The Lost Web Lives

April 14th, 2018

Why is the web being lost, and how do we save it?

The easily editable nature of the Web, combined with the massive amounts of information changed each day, makes it nearly impossible to keep track of every single byte of information.

Earlier hypertext systems solved the problems of link decay through systems of updated distributed databases, but these solutions were not adopted by Tim Berners-Lee’s original Web plan and so never took hold.

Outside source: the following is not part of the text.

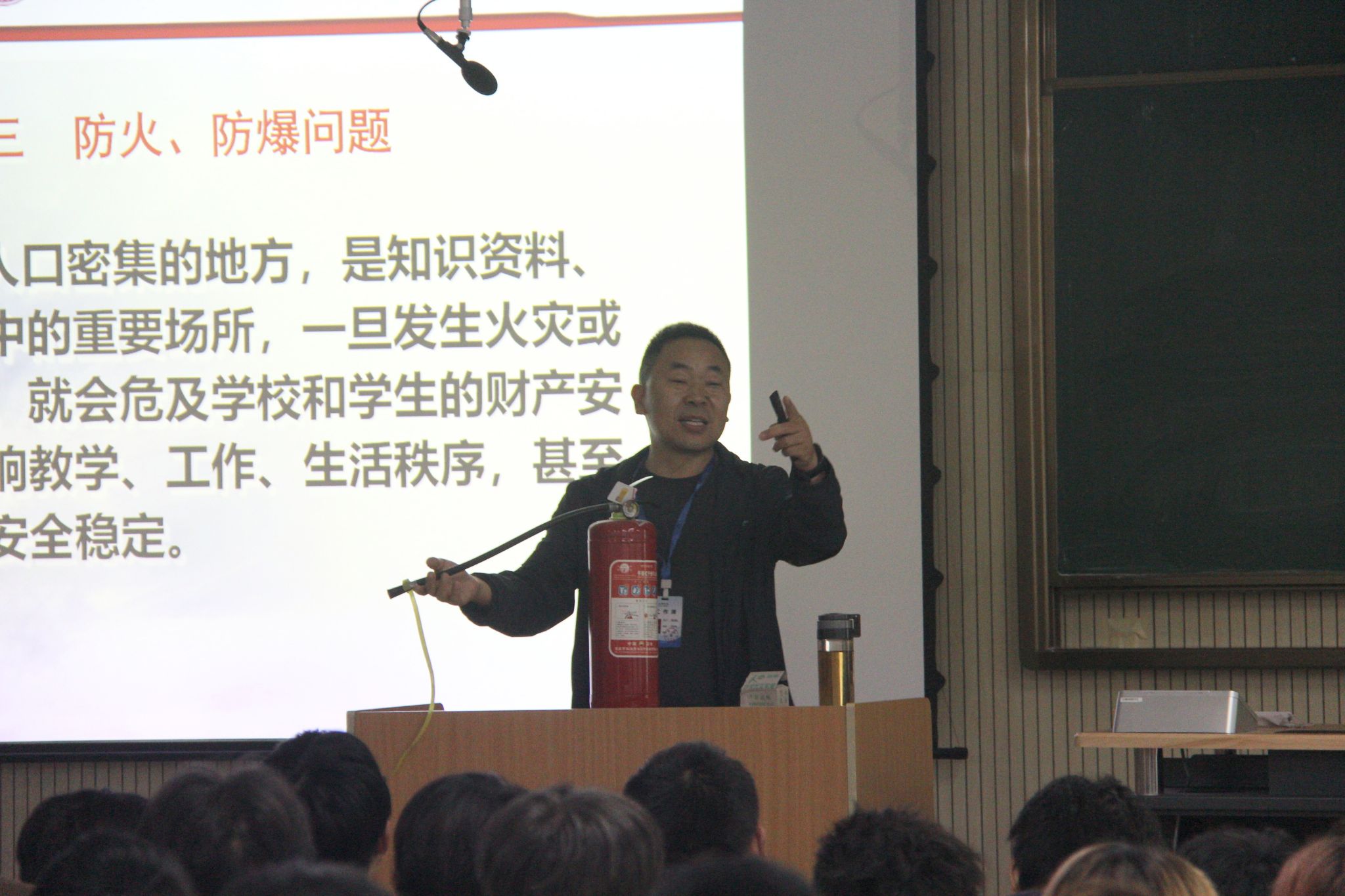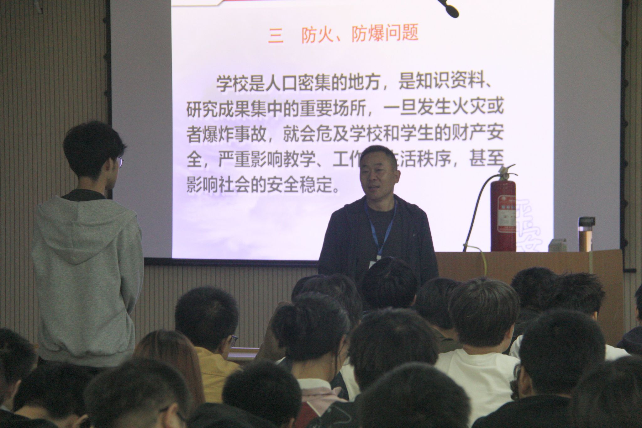 为保障讲座有警示,有效果。保卫处处长王开忠精心安排讲座内容,让yl6809永利官网每名学生都完全掌握了基本的安全知识和技能。
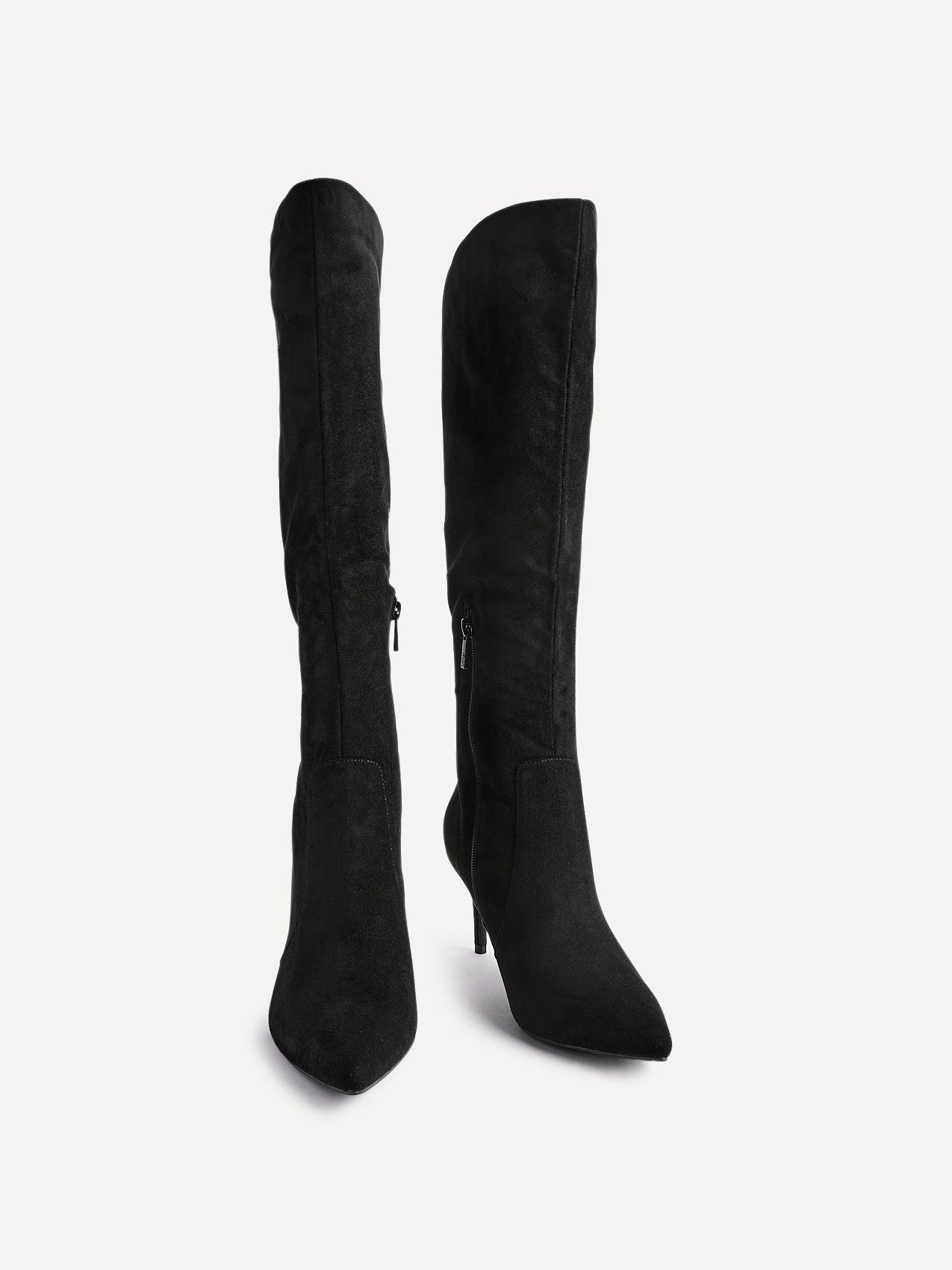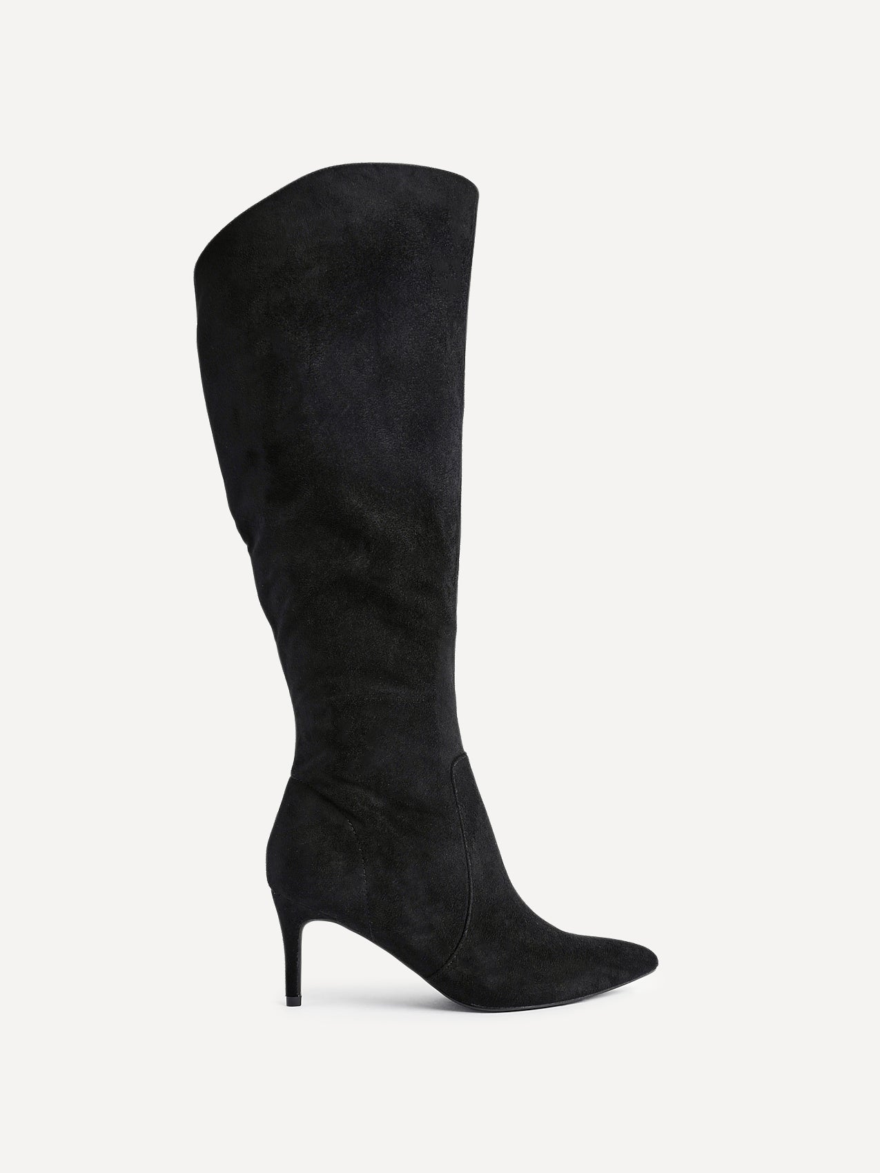 Make a statement with our Ambition elegant high leg boots, crafted from high-quality faux suede for a smooth, refined finish. Featuring an asymmetric top line - cut higher at the front for a sleek, knee-high silhouette and lower at the back for ease of movement. Set on a slim 7cm stiletto heel for a flattering lift. Finished with a soft faux fur lining, cushioned inner sock, and a full inside zip for easy wear, they blend bold fashion with all-day comfort. Perfect for elevating all looks with effortless style.

The Web is the primary primary source for tomorrow’s historians looking to study today’s events. Some may argue that the ephemeral nature of the web renders it too impossible to save everything important. Further arguments involve who gets to decide what is important, and how those decisions are made. This is part of the larger field of archival and historical ethics.

“In terms of sheer durability, the technology for writing reached a peak five thousand years ago and has been going downhill ever since.”
—Abbey Smith Rumsey, When We Are No More

Founded in 1996 by Brewster Kahle, the Internet Archive is the main body working to preserve the Internet, the Web, and digital artifacts in the USA. The Archive utilizes web crawlers to capture static versions of web pages, which are then navigable and searchable through its free, publicly accessible Wayback Machine website.

The Archive is designated as a library by the state of California. In addition to its web capturing services, it has thousands of books scanned and uploaded per year, as well as hundreds of terabytes of public-domain music, video, and information uploaded to its servers by the public.

Other preservation organizations and tools include:

The Library of Congress
Webrecorder.io
International Internet Preservation Consortium